Riportiamo, ripresa dal sito della Socrem Bologna, una intervista fatta al Prof. Campione, su come raccontare ai bambini la cremazione.
Come raccontare ai bambini la cremazione
Pubblicato 7 febbraio 2017
Che cosa rispondere ai bambini quando ci pongono domande sulla cremazione? Esistono delle regole da seguire? Dipende dall’età del bambino? Ne parliamo con il Prof. Francesco Campione.
Intervista di Alice Spiga, direttrice SO.CREM Bologna, al Prof. Francesco Campione, tanatologo, Presidente dell’Associazione Rivivere e autore del libro La domanda che vola – Educare i bambini alla morte e al lutto.
FL’idea di questa intervista è nata un giorno di metà novembre quando, uscendo dal Cimitero Monumentale della Certosa di Bologna, mi è capitato di superare una famiglia che, vestita a lutto, si dirigeva verso una macchina parcheggiata.
La madre teneva per mano un bambino che avrà avuto circa 8 anni. Il padre camminava accanto a loro, guardando per terra. Nel passare loro accanto, ho sentito la madre affermare: «Che cosa ne dici? Io vado a casa con il bambino. Non mi sembra il caso di portarlo al… crematorio».
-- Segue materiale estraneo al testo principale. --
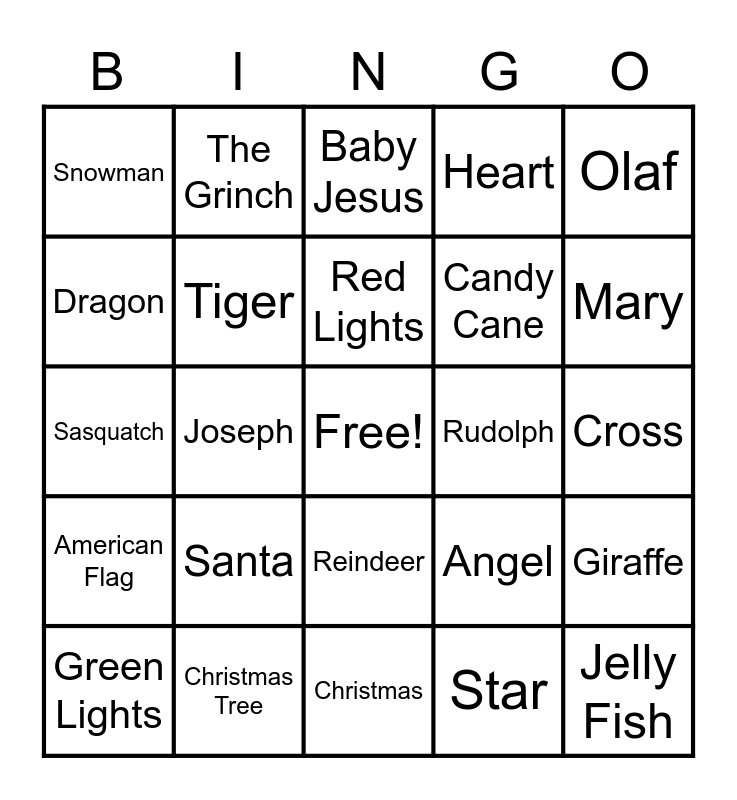 This bingo card has a free space and 25 words: Santa, Christmas, Red Lights, Green Lights, Olaf, Snowman, Dragon, The Grinch, Rudolph, Reindeer, Candy Cane, Sasquatch, Angel, Giraffe, Tiger, Elephant, Cross, Baby Jesus, Mary, Joseph, Jelly Fish, Christmas Tree, American Flag, Heart and Star.

Più dell’indecisione se portare o meno il figlio al polo crematorio, il dato che maggiormente mi ha colpito è stato che la madre abbia fatto una pausa prima di dire “crematorio” e che, nel nominarlo, abbia anche abbassato il tono della voce, come se si trattasse di una brutta parola che il bambino non doveva sentire.
Non so che cosa abbia risposto il padre – io ho proseguito per la mia strada, che non coincideva con la loro – però nei giorni seguenti non ho potuto fare a meno di ripensare a quel momento, mettendomi nei panni di quella madre che aveva il timore di dire ad alta voce, davanti al figlio, la parola “crematorio”.
Aveva fatto bene ad abbassare il tono della voce? È giusto o sbagliato evitare di portare i bambini al polo crematorio? E se iniziano a porci domande sulla cremazione, cosa possiamo rispondere ai nostri figli? Dipende anche dalla loro età oppure no?
Per trovare risposta a questi dubbi, che sono certa non siano solo miei, ho deciso di contattare il Prof. Francesco Campione, che è stato così gentile da rispondere ad alcune domande sul macro-tema “Come raccontare la cremazione ai bambini”.
Naturalmente, ho raccontato anche al Prof. Campione la piccola vicenda della quale ero stata testimone, così da introdurre il tema al centro di questa intervista.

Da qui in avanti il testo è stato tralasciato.